Счастлив писатель, который может сказать о себе эти последние слова. Да и путь, идя которым может он выслужить это право, — разве не схож с путем мнимого глухонемого? Разве сочинителю не приходится таиться среди тех, кому суждено после стать его персонажами, жить с ними одною жизнью, зная, что придет минута и начнется его вторая и подлинная жизнь, где все, в реальности наблюденное, обратится в Митрофанов и Скотининых? Наконец, нет ли тут речи о сведении счетов с теми, кто смотрит на литераторов как на малых сих, неспособных сравняться с сильными мира, как на безгласных, то есть не имеющих голоса в обществе по незначительности своего положения? «Вот глухой-то и немой… Он, бедняга, никому и ничему не помеха…» Так вот же вам! Знайте мнимого глухонемого! Мнимого!

Дар Фонвизина проявился в едва начатом «Повествовании» с удивительной силой… нет, к несчастью, только обещал проявиться, но что не обманул бы и сдержал обещание — видно. Товар уже показан лицом.

Вот образчик: путники, среди которых наш притворщик, видят на Москве пожар, занявшийся в помещичьем дворе, и хозяина, стоящего на крыльце и во весь голос поющего — печально и протяжно. Бурлеск? Гротеск? Гиньоль? Ничего подобного, да навряд ли внятно было Денису Ивановичу каждое из этих слов, которые потом станут такими модными среди ученых литераторов. А доморощенная опера объясняется проще простого: хозяин известен как «отличный заика» и таким, привычным для заик, способом объясняется с холопьями, поспешающими тушить огонь.
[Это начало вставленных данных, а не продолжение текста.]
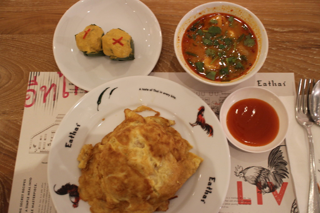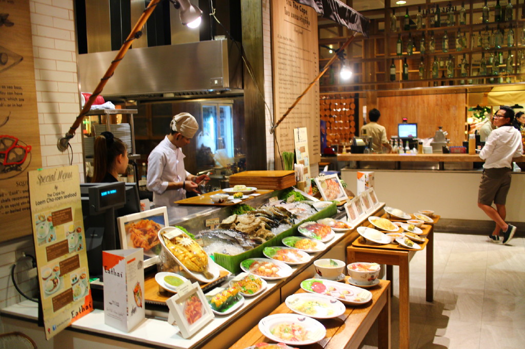 フードコートだがテーブルにはナイフとフォークがセットされていて高級感がある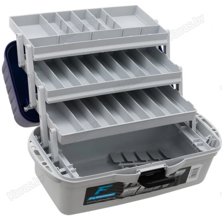Трёхполочный ящик для рыболовных снастей. Изготовлен из полипропилена, устойчив к воздействию масел, растворителей и силиконов. Блок из двух полочек имеет раскладную конструкцию. В транспортном положении полочки плотно прилегают друг к другу, не давая содержимому рассыпаться. Верхняя поверхность имеет 10 съемных перегородок, которые делят каждый отсек еще на несколько. Система фиксированных и съемных перегородок позволяет формировать внутренние пространство по своему усмотрению. Основное отделение ящика не имеет перегородок и предназначено для хранения крупных предметов. Оснащен плотной крышкой, которая крепиться с помощью шарнирного соединения, закрывается на замок-защелку. Подходит для транспортировки и хранения любых приманок. Обладает вертикальной прочностью не менее 90 кг.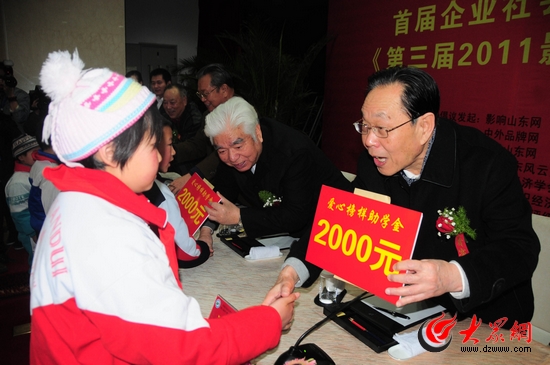 大眾網濟南3月3日訊(記者 徐明) 由影響山東網、中外品牌網、山東省經濟學會、山東省信譽評級委員會辦公室等多家單位聯合倡議發起舉辦的首屆企業社會責任與愛心榜樣公益活動暨《第三屆2011影響山東風云人物》大型圖書首發式3日在濟南山東大廈隆重舉辦。省里老同志陸懋曾、譚福德、董鳳基等出席會議并為來自臨沂、聊城兩市的貧困學生代表發放了助學金及學習用品。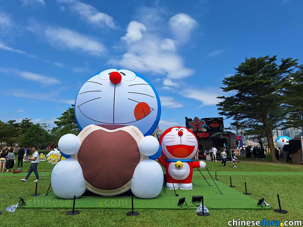 在快閃店的左邊,還有另一個多啦A夢專屬打卡點。11 組場景裝飾並列放在空地上,十分壯觀。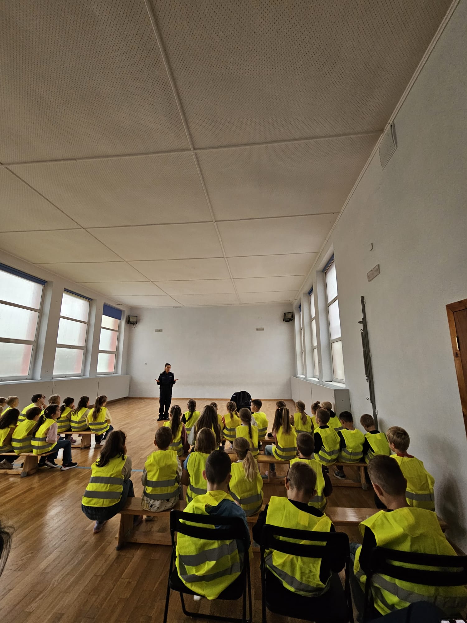 Podczas spotkania dzieci ubrane były w kamizelki odblaskowe, które są na wyposażeniu szkoły i wykorzystywane podczas wyjść i wycieczek uczniów. Dodatkowo szkoła zakupiła dla każdego ucznia zabawne gadżety odblaskowe.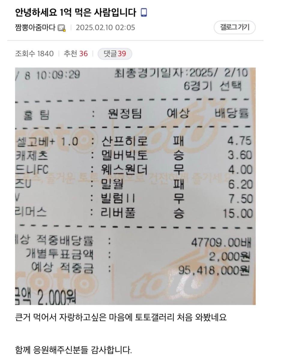 역배로 토토 1억 먹은 사람 ㄷㄷ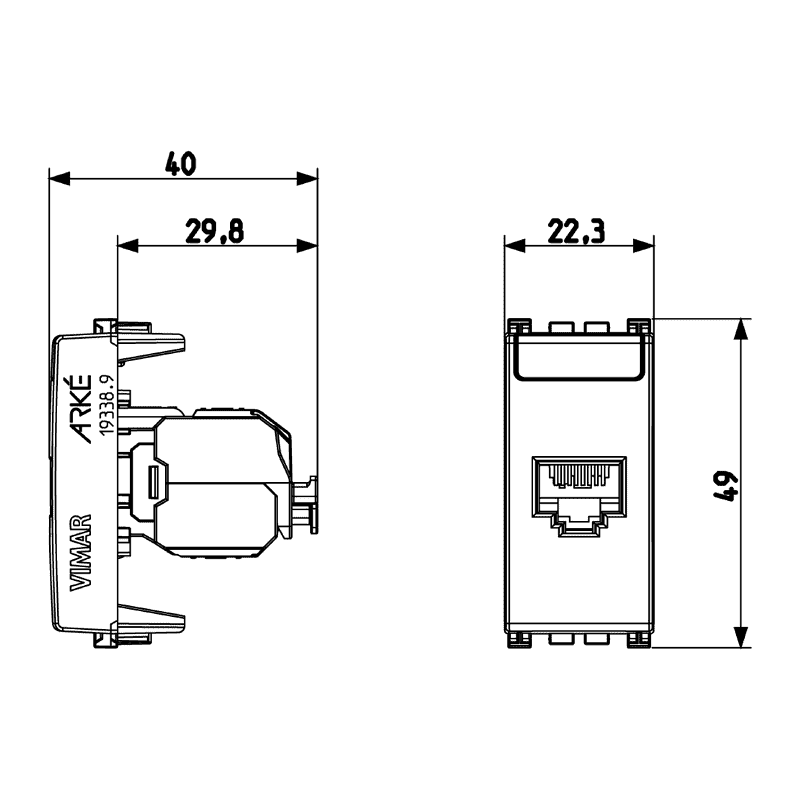 Presa dati Vimar Arke RJ45 con connettore Netsafe Cat. 5e, non schermata, cablaggio universale T568A/B, 8 contatti, morsetti ad incisione d'isolante senza utilizzo di utensile, 1 modulo colore grigio.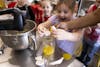 Carys Buzzard cracks an egg, with some spill, into a jar for her cookie dough batter for Santa at Now ...

Забавно? Пожалуй, еще не слишком. Во всяком случае, на такое способен и венценосный сочинитель «Былей и небылиц». Для того чтоб вышутить заику, Фонвизину не обязательно быть Фонвизиным, а герою его не стоит притворяться глухонемым и таким затруднительным образом развивать свою сердечную наблюдательность. Но вот рассказчик с полною деловитостью прилагает к повествованию документальное подтверждение его правдивости: ноты, им затверженные. И мы узнаём, что за арию пел смешной погорелец и как он выразил свою душу в старом напеве, снабженном пометкою: andante и некогда созданном для того, чтобы в нем, подперев щеку, оплакивали судьбу и лирически кручинились:

Проклятые черти, баня-та горит!

Заливай скорее, я вас всех прибью!

Плуты, воры окаянные,

До смерти рассеку,

До смерти рассеку!

Вот на какой песенный простор вырвалась помещичья душа!..

Надо думать, сам Гоголь не погнушался бы этаким меломаном. Но издатели «Собеседника» его, как видно, не оценили… или, напротив, оценили по достоинству, и именно потому обещание автора: «Продолжение будет впредь» — повисло, как печальный знак обрыва.
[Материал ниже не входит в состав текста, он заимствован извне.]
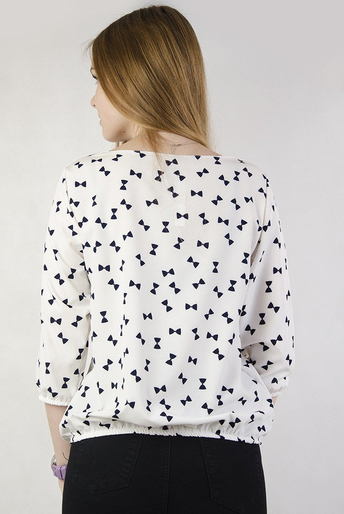 Biała bluzka w czarne kokardki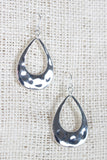 These dangle earrings feature high-polish hammered metallic frame, cut-out tear drop shape, and finished with french hook backs.
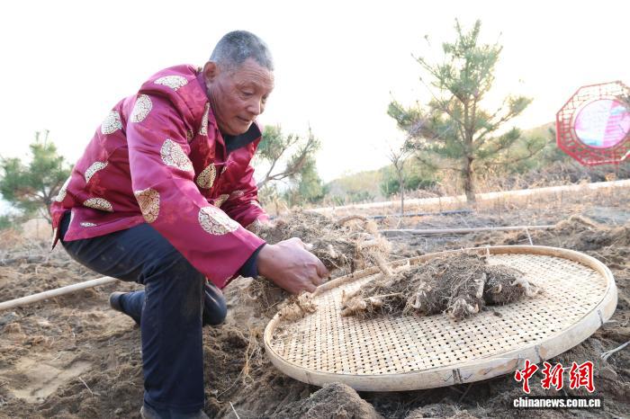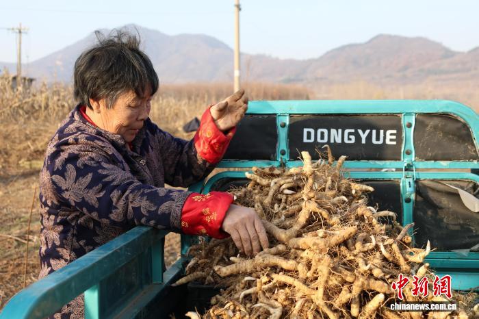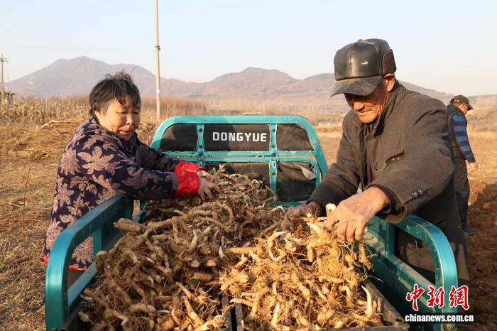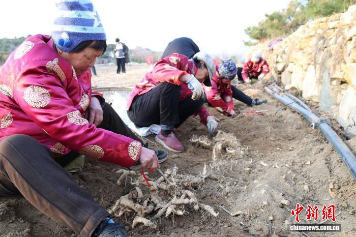11月26日,山东省泰安市岱岳区天仄街路耿庄村,村平易近们正在田间劳碌采支泰山黄粗,1株株充沛的黄粗破土而出。周艺伟 摄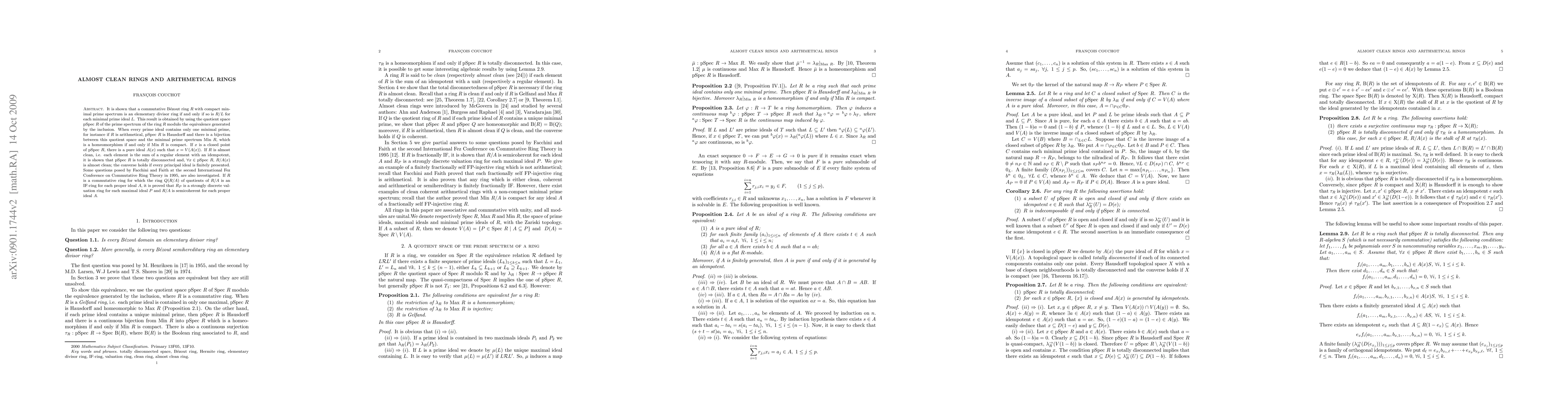 It is shown that a commutative B\'ezout ring $R$ with compact minimal prime spectrum is an elementary divisor ring if and only if so is $R/L$ for each minimal prime ideal $L$. This result is obtained by using the quotient space $\mathrm{pSpec} R$ of the prime spectrum of the ring $R$ modulo the equivalence generated by the inclusion. When every prime ideal contains only one minimal prime, for instance if $R$ is arithmetical, $\mathrm{pSpec} R$ is Hausdorff and there is a bijection between this quotient space and the minimal prime spectrum $\mathrm{Min} R$, which is a homeomorphism if and only if $\mathrm{Min} R$ is compact. If $x$ is a closed point of $\mathrm{pSpec} R$, there is a pure ideal $A(x)$ such that $x=V(A(x))$. If $R$ is almost clean, i.e. each element is the sum of a regular element with an idempotent, it is shown that $\mathrm{pSpec} R$ is totally disconnected and, $\forall x\in\mathrm{pSpec} R$, $R/A(x)$ is almost clean; the converse holds if every principal ideal is finitely presented. Some questions posed by Facchini and Faith at the second International Fez Conference on Commutative Ring Theory in 1995, are also investigated. If $R$ is a commutative ring for which the ring $Q(R/A)$ of quotients of $R/A$ is an IF-ring for each proper ideal $A$, it is proved that $R_P$ is a strongly discrete valuation ring for each maximal ideal $P$ and $R/A$ is semicoherent for each proper ideal $A$.

Конечно, этот Скотинин, вдруг запевший в темпе andante, не слишком уживался с беспечальными историями про барана и его бее, бее, бее. А Денис Иванович, как оказалось, дурно следовал урокам старшего учителя.
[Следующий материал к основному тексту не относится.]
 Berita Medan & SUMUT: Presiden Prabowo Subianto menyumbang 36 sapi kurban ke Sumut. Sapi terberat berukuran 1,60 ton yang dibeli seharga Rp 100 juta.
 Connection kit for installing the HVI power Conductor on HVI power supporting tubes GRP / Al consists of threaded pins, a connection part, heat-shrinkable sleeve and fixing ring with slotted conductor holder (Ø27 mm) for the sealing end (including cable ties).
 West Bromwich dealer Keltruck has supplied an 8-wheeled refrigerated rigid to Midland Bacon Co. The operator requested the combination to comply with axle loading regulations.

Больше того. В том же «Собеседнике» он даже попробовал хоть на миг, а поменяться ролями и преподать наставнику несколько истин. О, разумеется, в высшей степени почтительно и даже льстиво, в форме коленопреклоненной. «Челобитной российской Минерве от российских писателей» назвал он свою попытку, а Минерва, как и положено небожительнице, поименована была «божественным величеством», но все же в этом исключительном случае содержание от формы не зависело.

О Фонвизине порою пишут, будто о лихом журналисте шестидесятых годов — не восемнадцатого века, а девятнадцатого, будущего, о сотруднике «Искры» или «Свистка»: радостно изыскивают смелые намеки там, где их быть никак не могло. Допустим, подозревают карикатуру в декоративной фигуре скорбящей матери из «Слова на выздоровление Павла Петровича», рассуждая таким образом: всякому известно было, как Екатерина относилась к сыну, — а значит… Или, читая в «Недоросле» трактат о свойствах великого государя, заключенный словами Стародума: «Мы это видим своими глазами», думают, что и тут лукавство: известно, как Панин и Фонвизин смотрели на Екатеринины свойства, — а значит…

Но ничего подобного это не значит.

Чего мы в самом деле хотим? Чтобы в том же «Слове на выздоровление» мать вовсе не была помянута? Или чтоб была изображена нелицеприятно? Тогда, выходит, не было бы намека и панегирист не оказался бы столь смелым?

Аллегории и намеки и в те времена уже были в ходу, рискованные и озорные. Не скупился на них в собственном «Трутне» Новиков, а, скажем, Василий Майков в бурлескной поэме «Елисей, или Раздраженный Вакх» пустился на опасную шалость. Герой его, ямщик Елеся, крутил роман с начальницей Калинкина дома, работного дома для проституток, со старухою, весьма лакомой до молодых мужчин: уже есть над чем призадуматься. А надо сказать, что пародировалось в «Елисее» не что иное, как «Эней» Петрова, в сцене же ямщика и старой шлюхи — любовь Энея и Дидоны, причем Петров-то прямо объявлял, что взялся восславить самое Екатерину-Минерву.

Фонвизин таким смельчаком, как Майков, не был… впрочем, в этой фразе надо поставить ударение на слове «таким». В смелости Денис Иванович уступал немногим — но он был другим смельчаком. Прямодушным, а не иносказующим.

Он говорил дерзости, сохраняя почтительный тон, — зато говорил в глаза.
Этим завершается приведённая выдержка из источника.